• EXERCISE DETAILS: Using the data beneath this instruction, retype only the lines from the one that contains "46.45 in. 2-Light" down to the one that contains "Nelson Ghost Town, Nevada, USA", both included, exactly as they appear.

*** Opening of GIVEN ENTRIES ***

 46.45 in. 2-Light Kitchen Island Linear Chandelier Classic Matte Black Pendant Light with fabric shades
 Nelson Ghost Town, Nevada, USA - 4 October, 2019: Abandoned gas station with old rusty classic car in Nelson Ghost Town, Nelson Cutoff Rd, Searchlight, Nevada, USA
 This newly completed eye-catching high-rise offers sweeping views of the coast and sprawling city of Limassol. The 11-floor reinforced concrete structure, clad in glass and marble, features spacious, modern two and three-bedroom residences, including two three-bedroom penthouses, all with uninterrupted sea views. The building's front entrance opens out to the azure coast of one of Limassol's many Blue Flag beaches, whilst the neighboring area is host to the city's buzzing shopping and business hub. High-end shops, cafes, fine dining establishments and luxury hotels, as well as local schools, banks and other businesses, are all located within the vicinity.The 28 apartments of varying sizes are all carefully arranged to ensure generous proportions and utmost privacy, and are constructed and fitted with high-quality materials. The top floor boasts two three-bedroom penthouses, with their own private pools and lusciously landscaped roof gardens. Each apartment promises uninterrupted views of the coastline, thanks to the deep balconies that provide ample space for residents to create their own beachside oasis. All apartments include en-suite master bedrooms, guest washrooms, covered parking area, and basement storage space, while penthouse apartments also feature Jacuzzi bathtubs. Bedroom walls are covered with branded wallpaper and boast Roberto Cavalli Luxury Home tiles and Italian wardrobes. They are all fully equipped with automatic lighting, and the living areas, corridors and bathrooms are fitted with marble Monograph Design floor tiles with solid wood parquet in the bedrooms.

*** Close of GIVEN ENTRIES ***
*** Opening of GIVEN ENTRIES ***

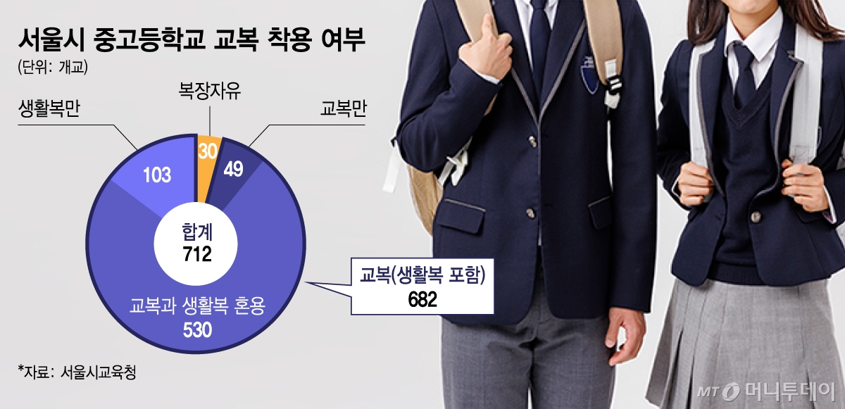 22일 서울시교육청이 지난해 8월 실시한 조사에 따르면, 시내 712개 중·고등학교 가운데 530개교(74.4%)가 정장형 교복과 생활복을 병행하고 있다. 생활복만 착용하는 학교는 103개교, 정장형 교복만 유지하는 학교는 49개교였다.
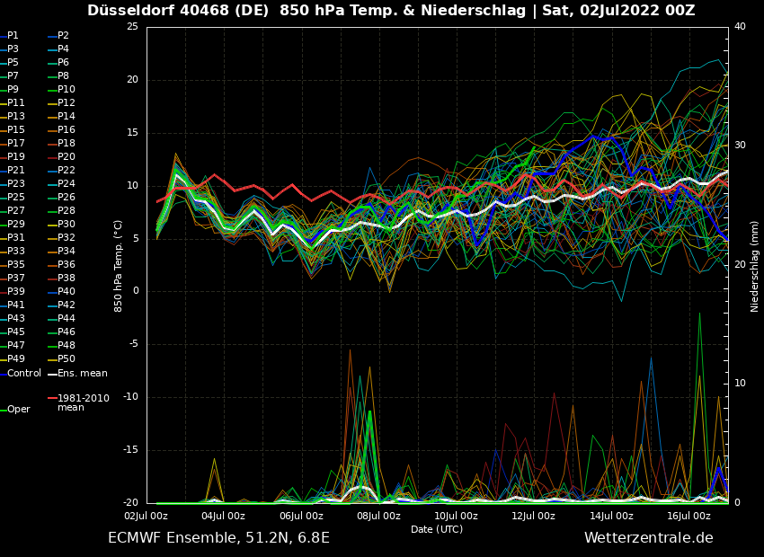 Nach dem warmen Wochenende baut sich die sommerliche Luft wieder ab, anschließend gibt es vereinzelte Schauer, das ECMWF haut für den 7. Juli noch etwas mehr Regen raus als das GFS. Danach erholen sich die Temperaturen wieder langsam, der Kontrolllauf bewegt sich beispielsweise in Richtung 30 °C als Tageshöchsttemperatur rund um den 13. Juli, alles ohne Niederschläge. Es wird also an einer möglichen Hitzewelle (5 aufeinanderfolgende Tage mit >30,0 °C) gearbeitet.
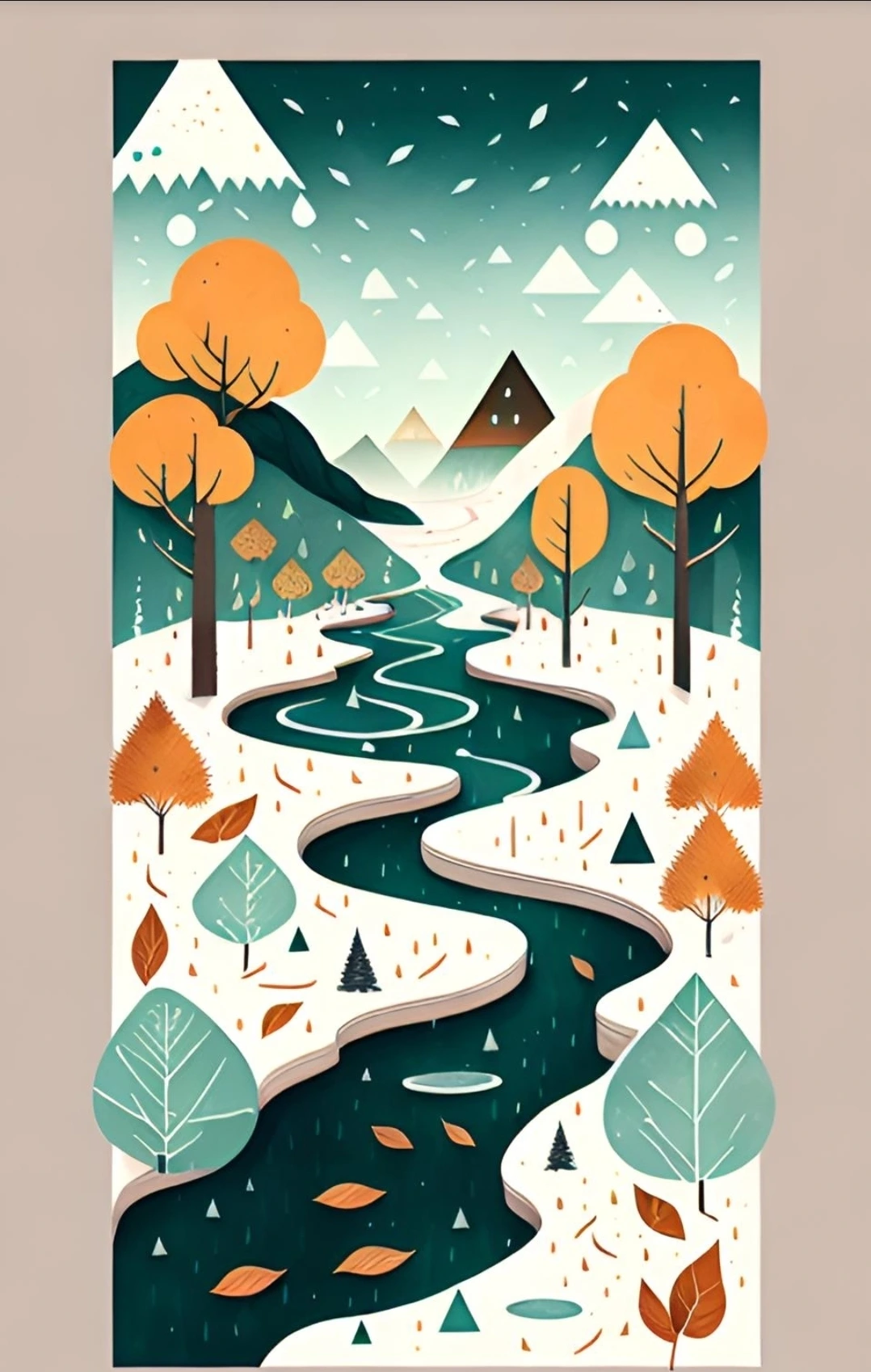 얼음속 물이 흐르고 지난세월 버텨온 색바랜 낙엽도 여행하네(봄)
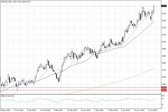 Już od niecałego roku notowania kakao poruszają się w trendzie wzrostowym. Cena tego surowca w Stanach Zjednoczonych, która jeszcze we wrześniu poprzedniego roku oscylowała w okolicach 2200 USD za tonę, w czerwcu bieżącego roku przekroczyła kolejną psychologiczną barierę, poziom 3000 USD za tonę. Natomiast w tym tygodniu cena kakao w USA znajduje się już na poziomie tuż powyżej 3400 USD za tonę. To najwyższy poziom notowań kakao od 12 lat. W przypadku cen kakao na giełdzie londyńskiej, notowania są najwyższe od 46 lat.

*** Close of GIVEN ENTRIES ***

• ANSWER TO THE PROBLEM:
 46.45 in. 2-Light Kitchen Island Linear Chandelier Classic Matte Black Pendant Light with fabric shades
 Nelson Ghost Town, Nevada, USA - 4 October, 2019: Abandoned gas station with old rusty classic car in Nelson Ghost Town, Nelson Cutoff Rd, Searchlight, Nevada, USA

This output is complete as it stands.